The connect string works well. Actually, right now there is no issue with the standby getting the archived logs; so there connect string is fine - now. The standby is receiving log information from the primary. There must have been some temporary hiccups causing that specific archived log not to travel to the standby. If that log was somehow skipped (could be an intermittent problem), then it should have been picked by the FAL process later on; but that never happened. Since the sequence# 700 was not applied, none of the logs received later – 701, 702 and so on – were applied either. This has caused the standby to lag behind since that time.
So, the fundamental question was why FAL did not fetch the archived log sequence# 700 from the primary. To get to that, I looked into the alert log of the primary instance. The following lines were of interest:
…
Tue Dec 15 19:19:58 2009
Thread 1 advanced to log sequence 701 (LGWR switch)
Current log# 2 seq# 701 mem# 0: /u01/oradata/DEL1/onlinelog/o1_mf_2_5bhbkg92_.log
Tue Dec 15 19:20:29 2009Errors in file /opt/oracle/product/10gR2/db1/admin/DEL1/bdump/del1_arc1_14469.trc:
ORA-00308: cannot open archived log '/u01/oraback/1_700_697108460.dbf'
ORA-27037: unable to obtain file status
Linux Error: 2: No such file or directory
Additional information: 3
Tue Dec 15 19:20:29 2009
FAL[server, ARC1]: FAL archive failed, see trace file.
Tue Dec 15 19:20:29 2009
Errors in file /opt/oracle/product/10gR2/db1/admin/DEL1/bdump/del1_arc1_14469.trc:
ORA-16055: FAL request rejected
ARCH: FAL archive failed.
Archiver continuing
Tue Dec 15 19:20:29 2009
ORACLE Instance DEL1 - Archival Error. Archiver continuing.
…
These lines showed everything clearly. The issue was:
ORA-00308: cannot open archived log '/u01/oraback/1_700_697108460.dbf'
ORA-27037: unable to obtain file status
Linux Error: 2: No such file or directory
The archived log simply was not available. The process could not see the file and couldn’t get it across to the standby site.
Upon further investigation I found that the DBA actually removed the archived logs to make some room in the filesystem without realizing that his action has removed the most current one which was yet to be transmitted to the remote site. The mystery surrounding why the FAL did not get that log was finally cleared.
Solution
Now that I know the cause, the focus was now on the resolution. If the archived log sequence# 700 was available on the primary, I could have easily copied it over to the standby, registered the log file and let the managed recovery process pick it up. But unfortunately, the file was gone and I couldn’t just recreate the file.
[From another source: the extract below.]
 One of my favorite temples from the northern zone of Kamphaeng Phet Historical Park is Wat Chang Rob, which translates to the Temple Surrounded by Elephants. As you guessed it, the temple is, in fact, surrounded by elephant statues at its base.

Until that logfile was applied, the recovery will not move forward. So, what are my options?
One option is of course to recreate the standby - possible one but not technically feasible considering the time required. The other option is to apply the incremental backup of primary from that SCN number. That’s the key – the backup must be from a specific SCN number. I have described the process since it is not very obvious. The following shows the step by step approach for resolving this problem. I have shown where the actions must be performed – [Standby] or [Primary].
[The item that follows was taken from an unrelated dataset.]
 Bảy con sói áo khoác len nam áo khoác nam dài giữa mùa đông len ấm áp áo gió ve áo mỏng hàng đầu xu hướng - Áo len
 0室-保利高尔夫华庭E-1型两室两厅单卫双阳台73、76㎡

1. [Standby] Stop the managed standby apply process:
SQL> alter database recover managed standby database cancel;
Database altered.
2. [Standby] Shutdown the standby database
3. [Primary] On the primary, take an incremental backup from the SCN number where the standby has been stuck:
RMAN> run {
2> allocate channel c1 type disk format '/u01/oraback/%U.rmb';
3> backup incremental from scn 1301571 database;
4> }
using target database control file instead of recovery catalog
allocated channel: c1
channel c1: sid=139 devtype=DISK
Starting backup at 18-DEC-09
channel c1: starting full datafile backupset
channel c1: specifying datafile(s) in backupset
input datafile fno=00001 name=/u01/oradata/DEL1/datafile/o1_mf_system_5bhbh59c_.dbf
…
piece handle=/u01/oraback/06l16u1q_1_1.rmb tag=TAG20091218T083619 comment=NONE
channel c1: backup set complete, elapsed time: 00:00:06
Finished backup at 18-DEC-09
released channel: c1
4. [Primary] On the primary, create a new standby controlfile:
SQL> alter database create standby controlfile as '/u01/oraback/DEL1_standby.ctl';
Database altered.
5. [Primary] Copy these files to standby host:
oracle@oradba1 /u01/oraback# scp *.rmb *.ctl oracle@oradba2:/u01/oraback
oracle@oradba2's password:
06l16u1q_1_1.rmb 100% 43MB 10.7MB/s 00:04
DEL1_standby.ctl 100% 43MB 10.7MB/s 00:04
6. [Standby] Bring up the instance in nomount mode:
SQL> startup nomount
7. [Standby] Check the location of the controlfile:
SQL> show parameter control_files
NAME TYPE VALUE
------------------------------------ ----------- ------------------------------
control_files string /u01/oradata/standby_cntfile.ctl
8. [Standby] Replace the controlfile with the one you just created in primary.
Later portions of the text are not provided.